O orçamento do FGTS para este ano, aprovado pelo Conselho Curador do fundo, indica disponibilidade de R$ 46,9 bilhões. Desses, R$ 30,6 bilhões serão aplicados em habitação, R$ 4,8 bilhões em saneamento básico, e R$ 11,5 bilhões para projetos de infraestrutura (R$ 4 bilhões para transporte urbano e R$ 7,5 bilhões para o fundo de investimento que investe em energia, rodovia, ferrovia, hidrovia e portos, entre outros).

O fundo tinha, em 2010, R$ 260 bilhões em ativos, sendo que R$ 112 bilhões estão aplicados em títulos públicos. São 33,49% em títulos atrelados à taxa Selic, 29,04% em papéis indexados a índices de preços e 37,47% em pré-fixados. Outros R$ 120 bilhões estão investidos em habitação, saneamento e infraestrutura urbana, operações que têm rendimento estimado este ano de R$ 15 bilhões. O restante está em debêntures e no FI-FGTS.

Se havia alguma finalidade na criação do fundo de garantia há 45 anos atrás, está já está mais do que superada. No governo, o debate só começou agora e de forma acanhada.

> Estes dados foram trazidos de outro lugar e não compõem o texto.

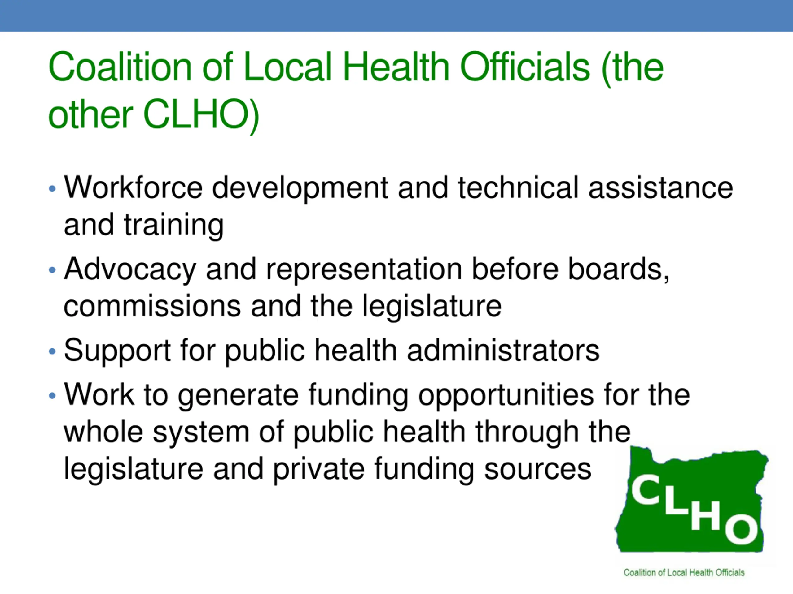 Coalition of Local Health Officials (the other CLHO) Workforce development and technical assistance and training Advocacy and representation before boards, commissions and the legislature Support for public health administrators Work to generate funding opportunities for the whole system of public health through the legislature and private funding sources

O economista Pérsio Arida, ex-presidente do Banco Central, vem chamando a atenção sobre a necessidade de se desmontar os mecanismos compulsórios de poupança há quase uma década.

Em entrevista ao Valor, em 2004, ele questionava: “Com que direito o Estado se arvora juiz das necessidades do trabalhador? Quem é o Estado para dizer que é melhor para o trabalhador deixar seu dinheiro no FGTS do que comprar um remédio para o filho, alimento para sua família ou investir em um negócio próprio? O sinal enviado pela poupança compulsória é de descrença no padrão monetário porque o dinheiro administrado pelo governo nos fundos compulsórios rende menos do que o CDI.”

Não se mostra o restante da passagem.